S31 From laboratory to wings: Biobased production of farnesene
Monday, July 25, 2016: 3:00 PM
Bayside B/C, 4th Fl (Sheraton New Orleans)
C. Thakker* and O. Rolland, Total New Energies USA, Inc., Emeryville, CA; P. Hill, J. Leng, C.L. Liu, D. Pitera, A. Murarka, E. Porcel and R. Dahl, Amyris Inc., Emeryville, CA
The strategic partnership between Total and Amyris aims to produce biomolecules for renewable fuels and chemicals, and in particular for blending with Diesel and Jet Fuel. Large scale production and commercialization of the flagship molecule farnesene (Biofene®) began in 2012 at Amyris’s production plant in Brazil. Farnesene has many potential applications as a renewable feedstock for diesel fuel, polymers, and cosmetics. Farnesene upon hydrogenation forms farnesane that can be mixed directly into diesel or jet fuels without requiring any engine modifications and is certified under ASTM D7566 as Jet A/A1.

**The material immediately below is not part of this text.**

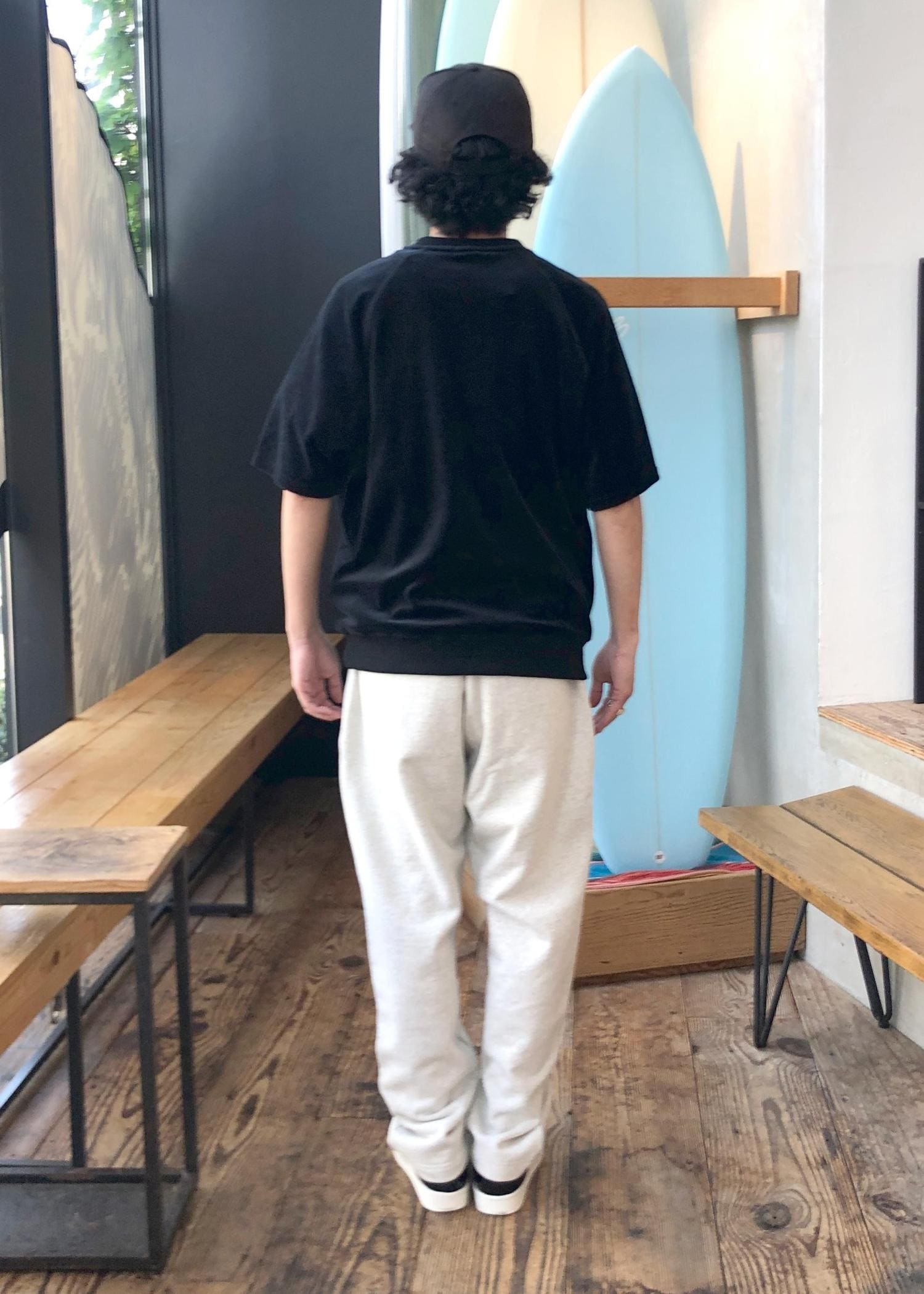 スウェットパンツを使ったシンプルコーディネート。

Amyris employs a multi-stage scale-up approach to progress from laboratory scale (0.5-2L) to commercial production scale of 200 m3 bubble column reactors. We continuously improve the quality of our scale down model by carefully controlling critical parameters for scale up success and infrequently checking harder to implement aspects. This give us confidence that our strains will scale effectively and ensure that our development efforts to improve strains will be well spent. For example, we routinely experiment with various parameters using our scale down model in order to mimic production conditions such as temperature, raw materials, OTR, feeding strategy, foaming, and typical industrial variabilities to continuously improve scale down model and lab scale screening process. Our scale-down model can successfully predict performance at the 200 m3 scale and we have implemented simplified cost models to compare the production cost impact of strains or process modifications. In this presentation, some of these scale up aspects will be discussed.